By Nam Hyun-woo
The Korean economy in the second quarter grew 0.8 percent from three months earlier, posting growth slightly better than the 0.7 percent estimated in July, central bank data showed Friday.
However, as the economy continues growth below 1 percent for three straight quarters, concern over prolonged low growth is emerging, with the third quarter growth facing downside risks.
According to the Bank of Korea (BOK) preliminary data, Korea’s real GDP stood at 375.33 trillion won ($335.45 billion) in the second quarter, growing 0.8 percent from three months earlier.
The quarter-on-quarter growth is 0.3 percentage points faster than that of the first quarter and the highest since the third quarter last year with 1.2 percent.
In annual terms, the local economy expanded 3.3 percent in the second quarter, compared with 2.8 percent year-on-year growth in the previous quarter.
The reading came after increases in domestic expenditures, such as private consumption, construction and facilities investments.
Private consumption rose 1 percent following increased expenditures on durable goods, such as automobiles. Construction investment expanded by 3.1 percent following the increase in building, while facilities investment grew 2.8 percent, with increases in transport equipment and machinery investments.
Despite the increases, Korea’s GDP growth continued at below 1 percent since last year’s third quarter. Except for that period, the country’s GDP has been growing by less than 1 percent for eight straight quarters.
Analysts say that Korea’s economic growth is heavily dependent on construction, which is booming due to low interest rates, but that may deter the economy down the road.
“The government’s frontloading of the budget supported growth in the second quarter, especially in construction activities and domestic spending,” said Kathleen Oh, economist at Standard Chartered Korea. “However, we think they were one-time factors and will not continue.”
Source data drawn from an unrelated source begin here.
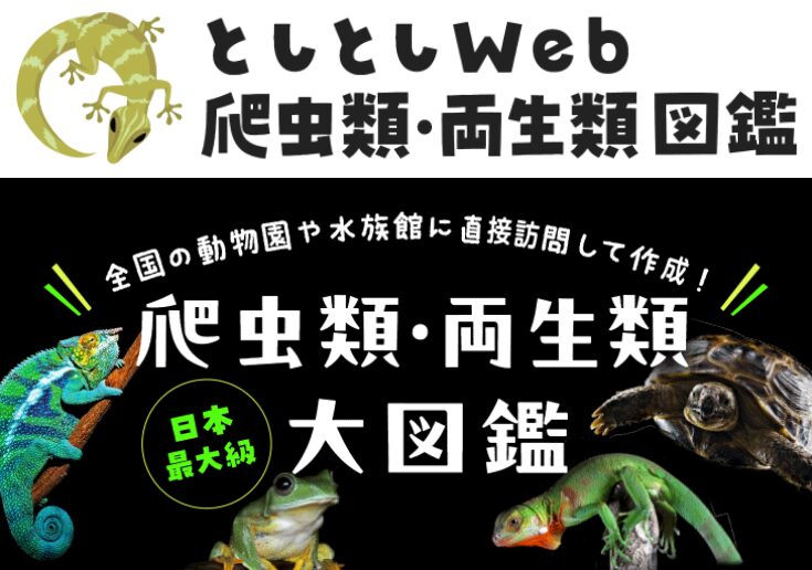 としとしWeb爬虫類・両生類図鑑は、全国の動物園や水族館などに直接訪問して作成した400種以上の動物を掲載した日本最大級の爬虫類と両生類の大図鑑です。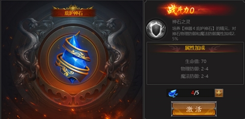 神石:消耗【神石碎片】提升等级。可通过黑市商城、野外BOSS、材料商店、每日特惠获取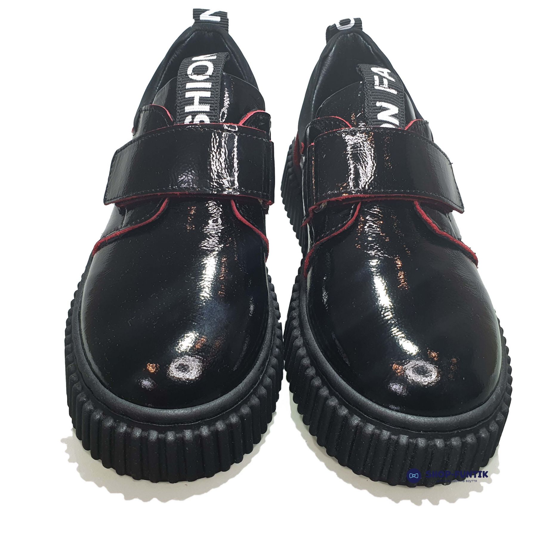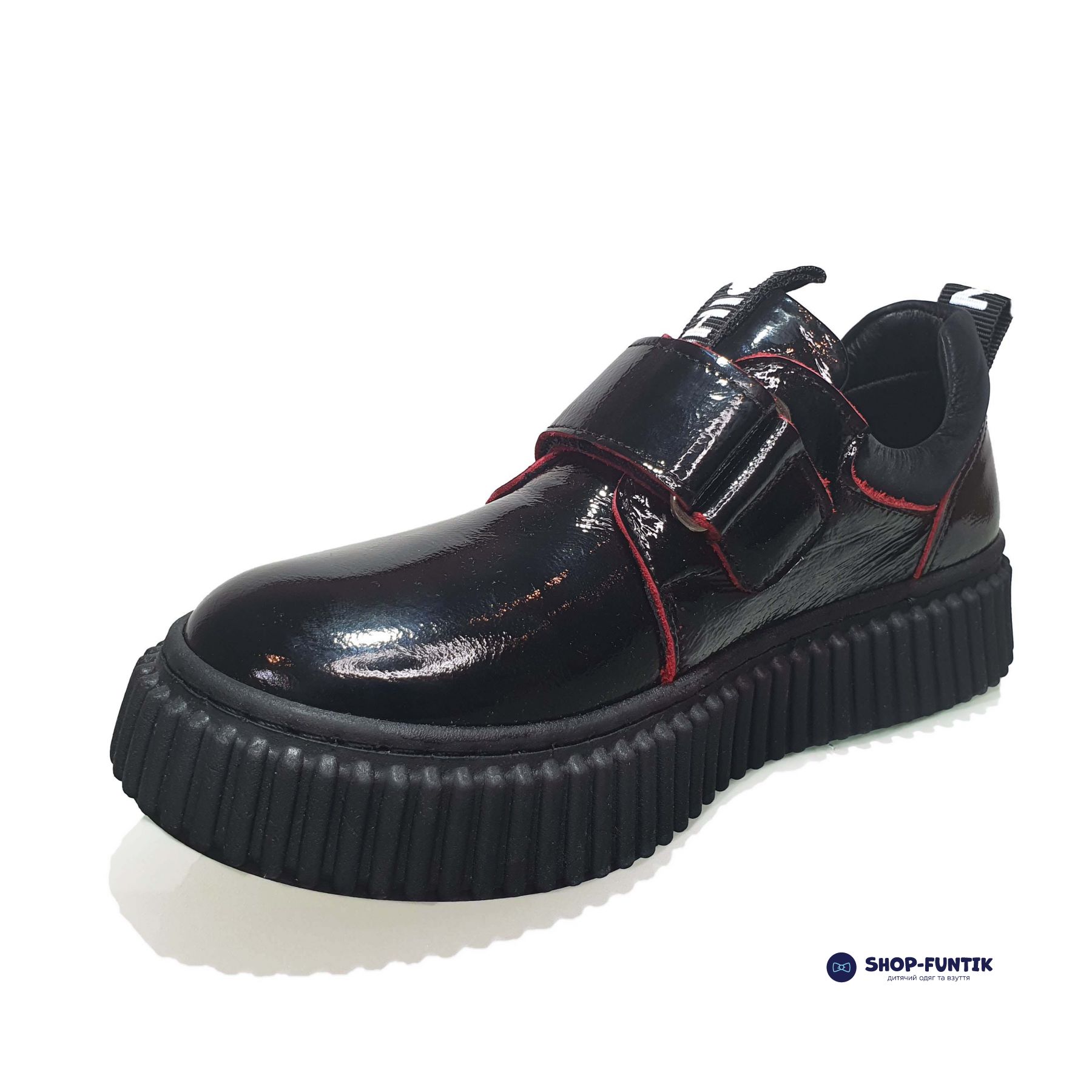 Закрытые туфли спортивного стиля для девочек турецкого бренда Tomini выполнены из лаковой кожи черного цвета. Их можно обувать на прогулку, в школу, на праздник. Лаконичный дизайн позволяет носить их с юбками, платьями, брюками, спортивными штанами. Подошву из поливинилхлорида отличает прочность и гибкость, которая не сковывает активных движений.

One of the one-time factors was a temporary tax cut on cars, which expired in June. When the effect vanishes, the third-quarter growth will likely be slowed further.
Another downside risk is the ongoing corporate restructuring. The progress of corporate restructuring is picking up, which should have negative spillover effects.
“Downside risks from industrial restructuring in the domestic market and still-lingering external uncertainties pose dangers to growth outlook. I think the economy will show a decreasing growth pace into the third and fourth quarters.”
To cope with downside risks, the government is pinning its hopes on an 11 trillion won supplementary budget, which passed the National Assembly on Thursday.
“The recent recovery in economic data and the passing of the supplementary budget will likely lead the Bank of Korea to keep the current rate on hold next week,” Oh said. “We think the BOK will face less pressure to make another rate cut with the domestic data showing a continued recovery trend.”
Meanwhile, the BOK said the country’s real gross national income (GNI) decreased by 0.4 percent from three months earlier. This is the first time that real GNI decreased since the third quarter of 2014. The BOK attributed the decrease to worsening terms of trade and the contraction of net factor income from the rest of the world.